Researchers Warn Legal Marijuana Could be Next Big Tobacco
by Christopher Cadelago
- Report from UCSF institute warns about health risks, industry power
- Researchers wanted measures modeled after Tobacco Control Program
- Backers of main initiative say report is flawed and measure has safeguards
A ballot proposal legalizing recreational marijuana would likely launch a new profit-driven industry similar to Big Tobacco that could impede public health efforts, according to researchers at the University of California, San Francisco.
The 66-page analysis, released Tuesday, is the first in-depth look at the state’s main effort to legalize recreational marijuana this year.
Researchers said they began with the premise that legalizing marijuana makes sense because its prohibition has put too many people behind bars and cost taxpayers too much money. But they concluded the two potential initiatives they examined would replace a crime problem with a public health issue.
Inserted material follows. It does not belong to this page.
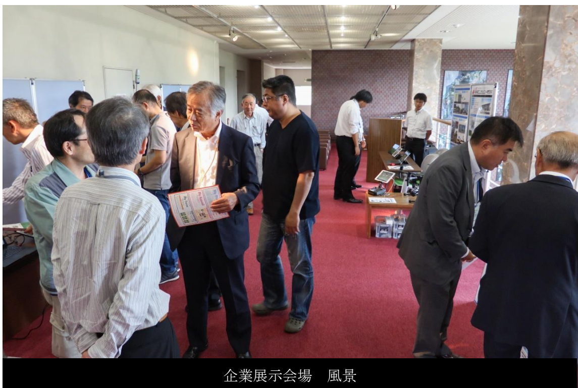
企業展示会場 風景

The authors, Rachel Barry and Stanton Glantz, of the UCSF Center for Tobacco Control Research and Education and Philip R. Lee Institute for Health Policy, said the measure most likely to qualify for the ballot establishes a regulatory system similar to the one used for alcohol. They said it would have been better to pattern the guidelines after the state’s Tobacco Control Program, which they credited with reducing the health effects and costs related to tobacco.